Defining a system that can be priced and progressed
The redesign translated the new job definition into a structured system that supports both pricing and progression. Rather than acting as loosely defined requests, jobs now function as reliable inputs into a commercial and operational workflow.
Structured Listing
The listing flow was redesigned to ensure each job represents a single, clearly defined shipment scenario. Inputs are captured in a structured sequence, guiding users to define shipment scope, commercial context, and timing. Reduced reliance on interpretation.
Structured Commercial Response
Quotes were reshaped from single values into structured commercial responses. Forwarders respond to a defined scenario, and pricing reflects cost breakdowns, service variations, and location-specific charges.
Commitment and Transition
Selection acts as a commitment point. At award, the accepted quote defines agreed terms, pricing and responsibilities are carried forward, and the job transitions into an execution state.
Execution Within the Platform
A dedicated execution context was introduced. Shipments are managed as structured records supporting milestone tracking, document handling, and lifecycle progression.
Video walkthrough: Listing a Job — Before vs After
- Missing context
- Minimal shipment definition
- Assumption-based
- No cost breakdown
- No platform continuity
- Contact revealed
- No audit trail
- No visibility
- Priceable scenario
- Complete shipment definition
- Context-based
- Itemised pricing
- System continuity begins
- Accepted quote becomes shipment
- Document + milestone tracking
- Dedicated execution context
∞ Containers
Defined timing window
Commercial terms
Execution context
Multi-currency support
Carrier-specific options
Transit + service variables
Quote →
Selection →
Shipment →
Completion
More reliable pricing and reduced operational overhead
Before
Jobs required additional information before they could be priced.
After
Most jobs could be assessed and priced directly from the listing, without clarification. This shifted quoting from clarification-dependent to majority self-serve, reducing reliance on follow-up across most jobs.
Before
Support was involved in the majority of jobs to resolve missing or unclear details.
After
Support shifted from routine involvement to exception-based handling.
Before
Quotes were based on varying assumptions, leading to inconsistencies and occasional rework.
After
Forwarders priced against a shared, defined scenario, improving consistency and comparability.
Before
The platform acted as a coordination layer, with key interactions occurring outside the system.
After
Jobs functioned as structured inputs into a system, supporting both pricing and execution within the platform.

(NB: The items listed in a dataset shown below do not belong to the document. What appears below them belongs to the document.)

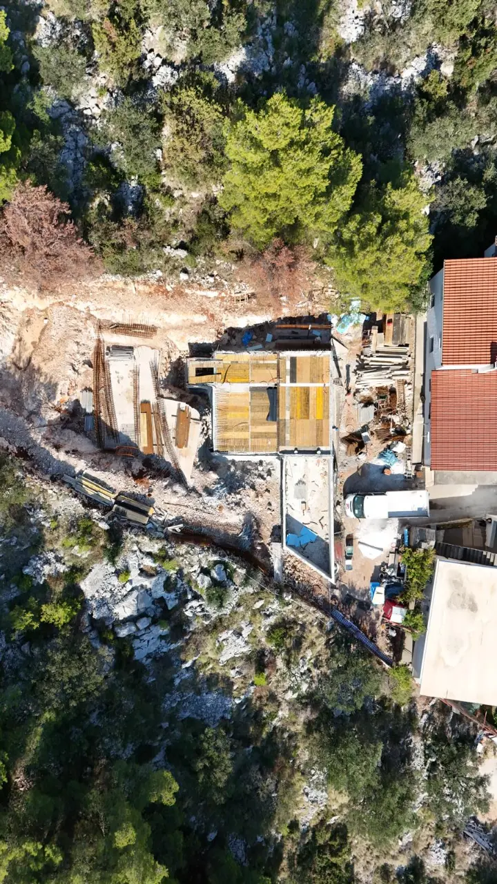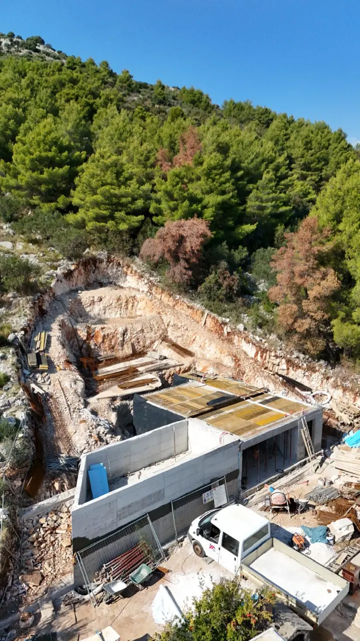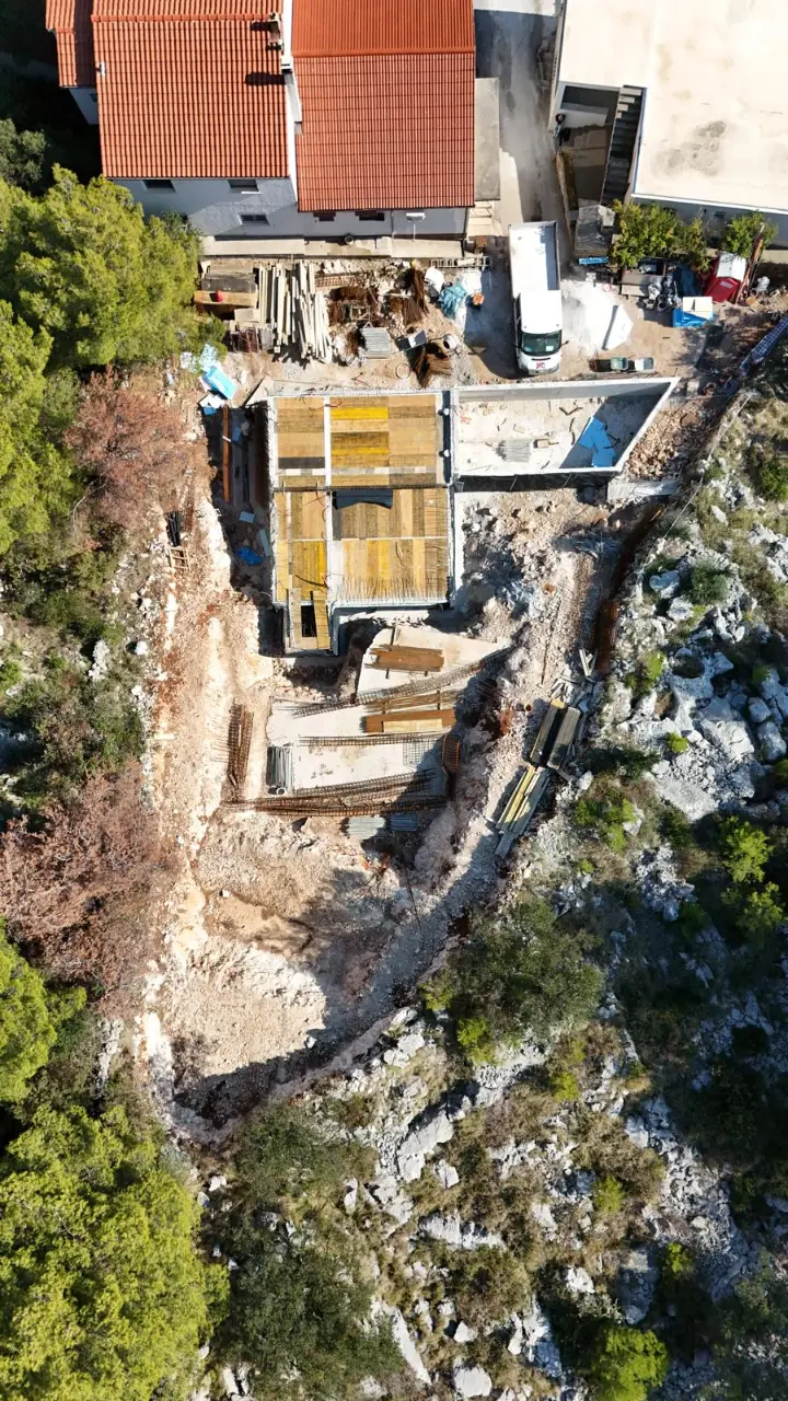 Work is steadily progressing on our Modern Villa in Poljica, a project that combines minimalist architecture with the serene Mediterranean landscape. The structure has now taken full shape, and the harmony between clean lines, natural materials, and the surrounding greenery is becoming more and more visible.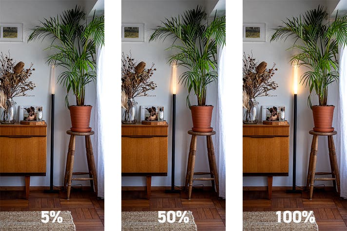 A. NYOIは、お部屋の雰囲気づくりを目的とした間接照明です。部屋全体を照らすメインの照明としては光量が足りませんが、最大で約260ルーメン(25Wの白熱電球相当)の明るさがあり、リビングのムードライトや寝室の常夜灯として、空間を心地よく照らします。また、10段階の調光機能でお好みの明るさに調整いただけます。
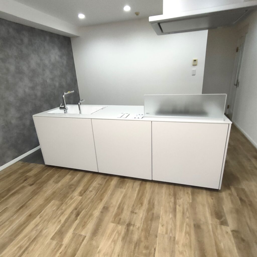 リビングルームをアイランドキッチン&アクセントクロスに貼り換え②」
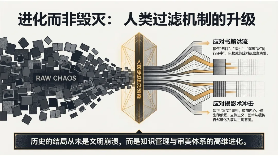 正如摄影术将画家从“记录现实”的苦役中解放出来,促成了现代艺术的诞生;AI废料的洪流也将迫使人类进化出更强大的过滤系统。

Defining what the system allows
The core issue was not missing fields — it was allowing structurally weak records into the system. When a job could represent multiple shipment scenarios, different users formed different interpretations, making pricing inconsistent by default.
I learned that system reliability is defined at the point of entry. Once ambiguity is introduced, every downstream interaction becomes recovery work. Designing this system was therefore less about capturing more information, and more about defining the right constraints — ensuring that what enters the system can be priced, compared, and progressed without reinterpretation.